Even minor issues can quickly rack up tens of thousands of dollars in medical costs.

The bottom line is out-of-country insurance is a must but be aware of the hazards inherent in insurance coverage. I once went to “Emergency” on Christmas day in Florida to remove the rubber tip from my hearing device that had become lodged deep inside my ear canal. I couldn’t fish it out. A trip to the hospital involved several hours of waiting before being seen by a doctor (after being triaged by a series of admin staffers). The procedure took five seconds using special forceps and because I had failed to notify my insurance company in advance and get their recommendation for a facility to do the procedure, I was out of pocket $1,750.00. Ouch. After that experience, I found the perfect forceps on Amazon for $25.00 and now take of the problem myself when it happens.

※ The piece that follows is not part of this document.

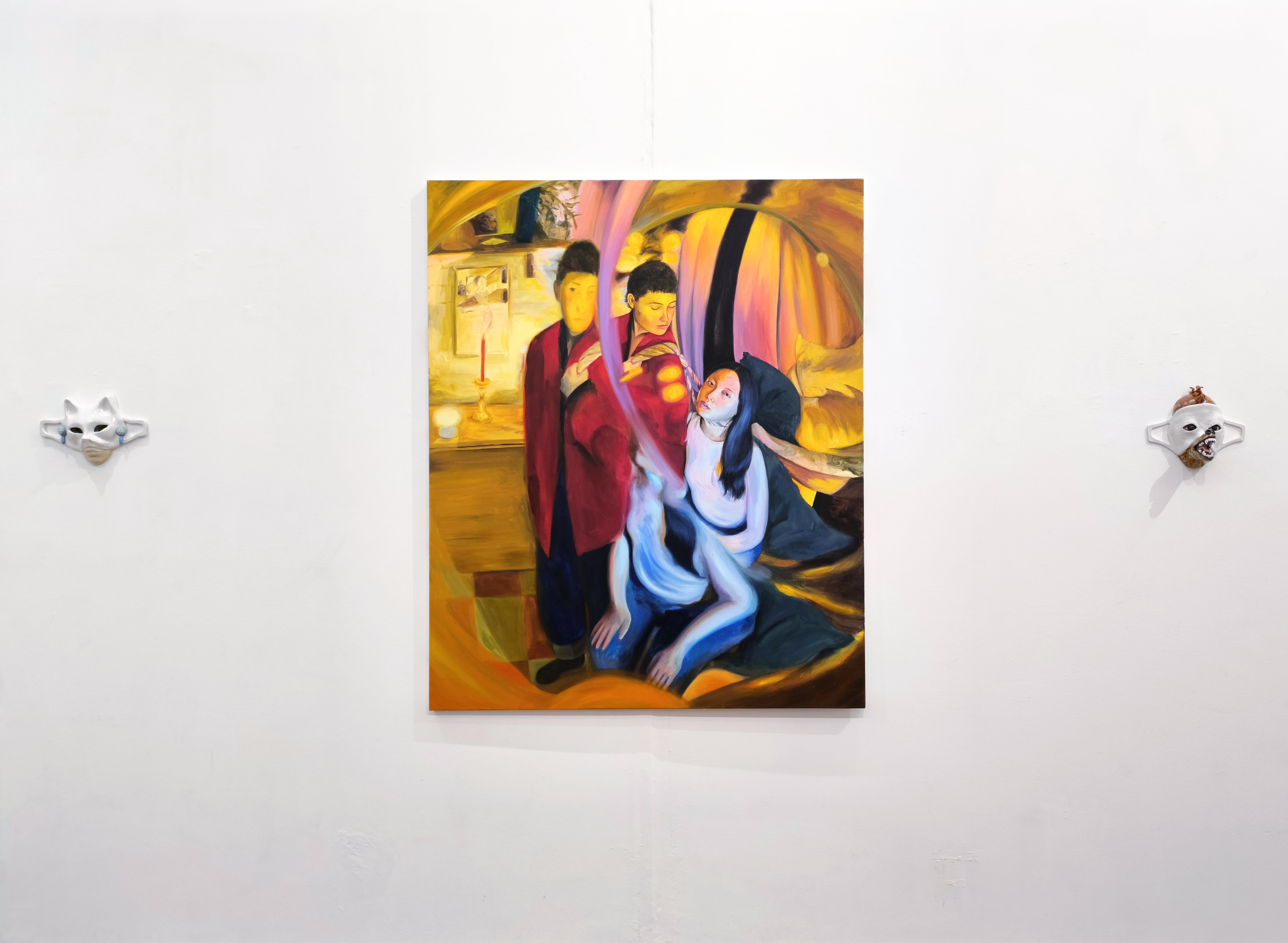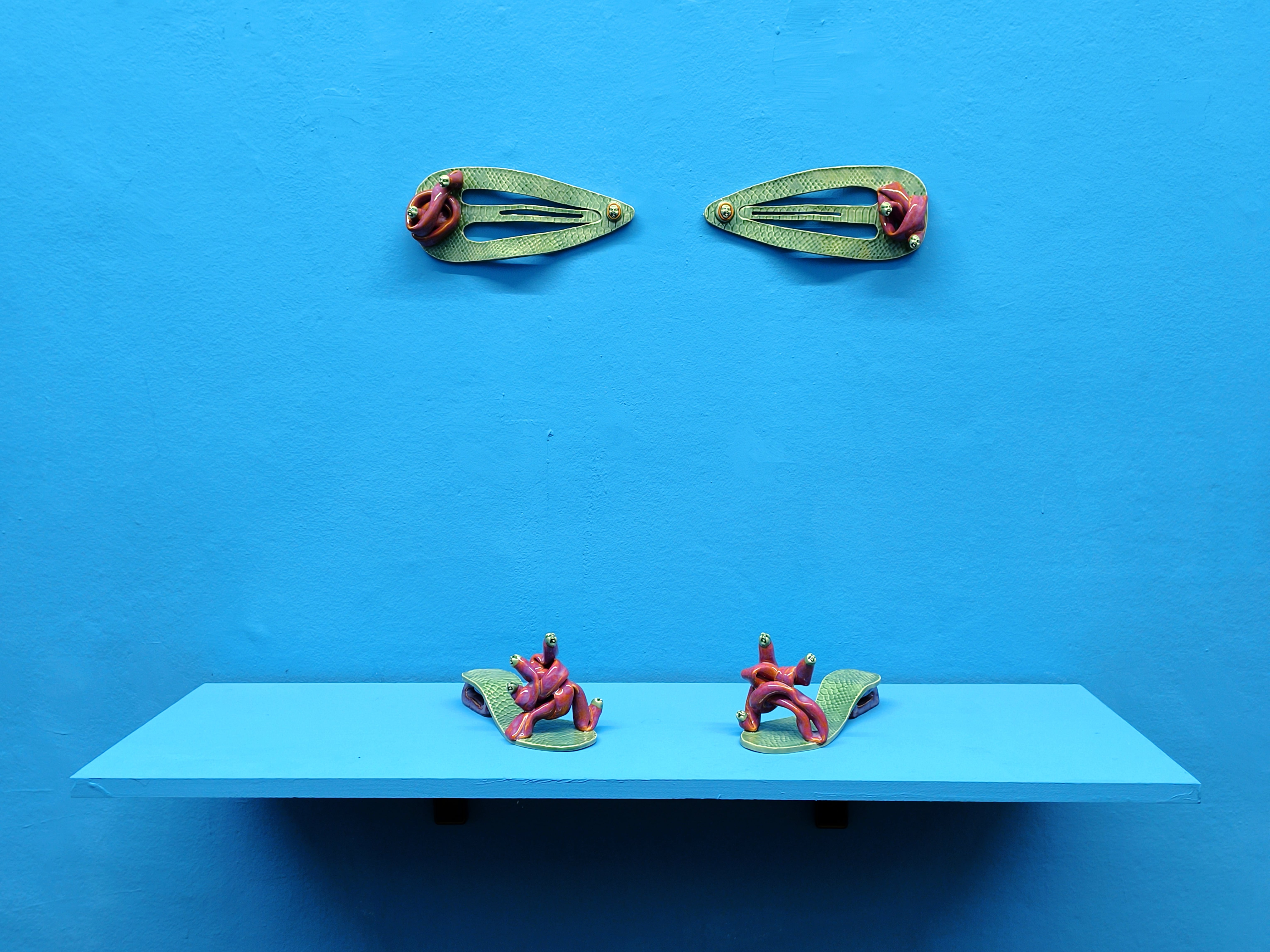 Nella mostra A Hyena Wore My Face Last Night, attraverso sculture in ceramica e pittura, Stevenson e Peace raccontano la dimensione femminile come spazio di sdoppiamento, sulla scia dell’interesse surrealista per le maschere, gli animali e la metamorfosi, ricordandoci quanto sia importante non darla vinta al conformismo.

Be well, but more importantly, beware.

Friends were rear-ended in a car accident when they went for a coffee one evening in Florida. A trip to the hospital involving six hours of tests and treatment resulted in a total bill of $37,000.00 as well as a truckload of paperwork and legal followup after they returned to Canada. Fortunately their insurance covered it. Another friend had intestinal issues and a couple of quick trips to Emergency for tests and prescriptions cost $18,000.00. He’s worried this will affect his future insurability and premiums. Someone else had heart issues in Greece and was treated in a hospital that provided no towels or hot water no drinking water to take pills, no toilet paper and minimal care. After moving to a private clinic, he was presented with a bill for thousands of dollars when he checked out two days later. The clinic demanded immediate cash or bank transfer in payment. The clinic would absolutely not deal with the Canadian insurance provider and finally agreed to accept a Visa card payment. Then, he faced a fight with his insurance company for reimbursement when he returned home.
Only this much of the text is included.